Not all "inventions" can be protected as patents. As a result, scientific theories, nutritional recipes, mathematical methods and commercial methods cannot be patented.

However, certain "inventions" that are valuable may still be protected as a trade secret. It could be argued that a trade secret is not, strictly speaking, an intellectual property right.

The factors that qualify confidential information as trade secrets are:

  • It's a secret not widely known to the public;
  • Because the information will not be made public, it must have commercial value:
  • It is the subject of the holder's reasonable efforts to keep it confidential.

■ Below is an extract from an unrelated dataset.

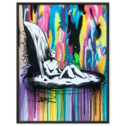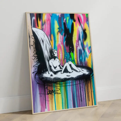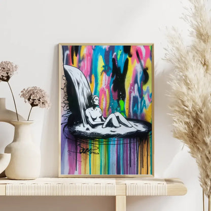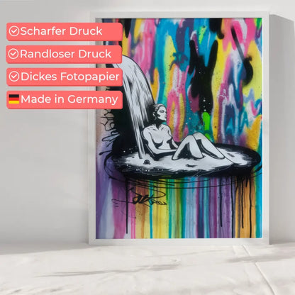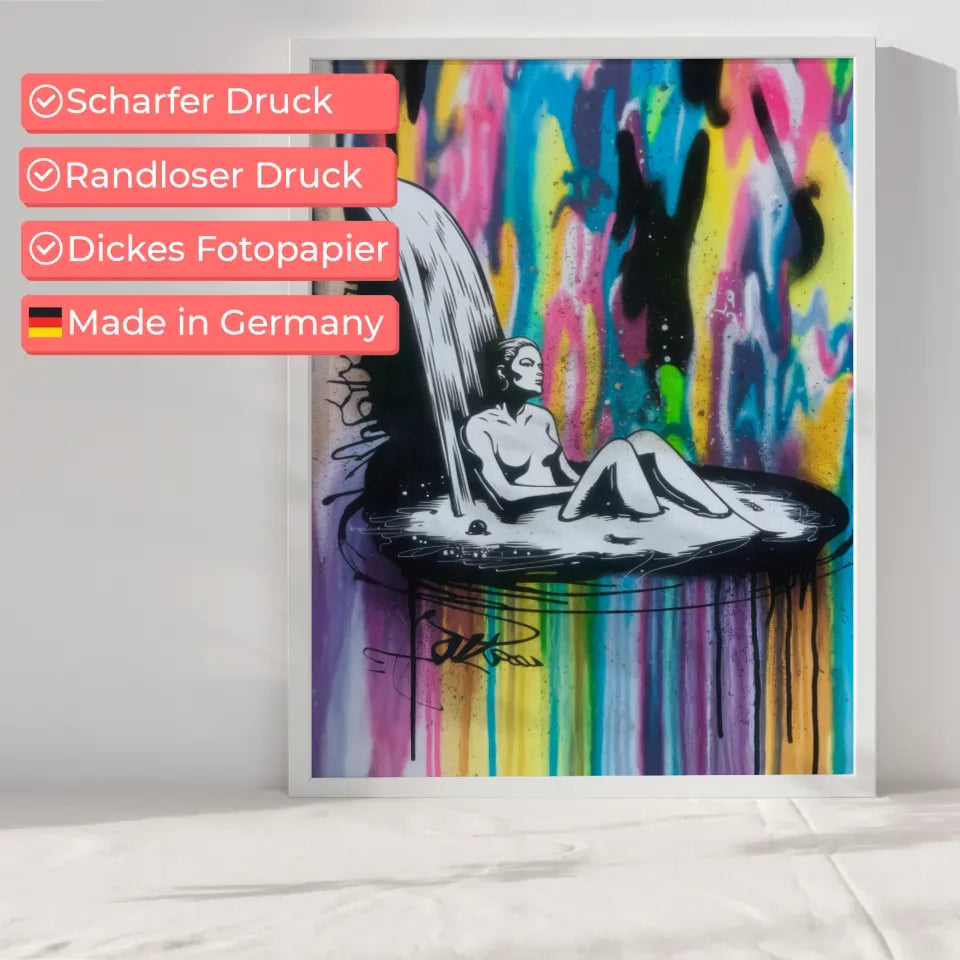 Entdecken Sie unser einzigartiges Poster mit einer modernen, minimalistischen Illustration einer Frau, die inmitten einer faszinierenden Tintenkaskade badet. Dieses beeindruckende Poster zeigt die Silhouette der Frau in kräftigem Schwarz und Weiß, die einen spannenden Kontrast zu dem lebendigen, mehrfarbigen Tintenwasserfall bildet, der die gesamte Leinwand umhüllt.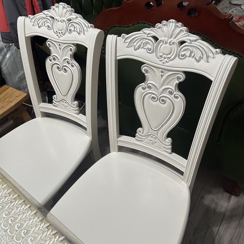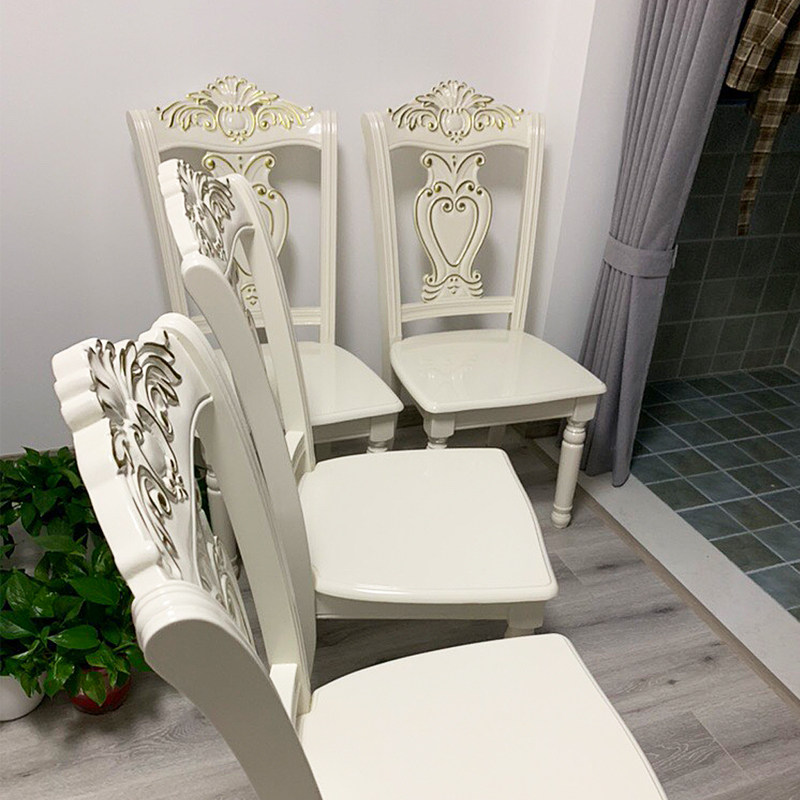 餐椅橡木椅子靠背凳欧式家用实木雕花餐桌椅现代简约餐厅白色凳子

Trade secrets can be broadly classified into two:
  • trade secrets that protect inventions or manufacturing processes that do not meet the patentability criteria and can therefore only be protected as a trade secret. An example of this is a manufacturing process or customer list that cannot be protected as a patent, but is considered valuable; and
  • trade secrets for inventions that meet the patentability criteria and could therefore be protected by patents.

#5. Trade dress
Trade dress is a form of intellectual property that refers to the visual characteristics and overall appearance of a product and its packaging, which identify the source of the product and distinguish it from others.

Conclution

property protections may seem to provide a minimum of protection, when used wisely they can maximize the benefit and value of a creation and enable the development, protection and monetization of world-changing technology.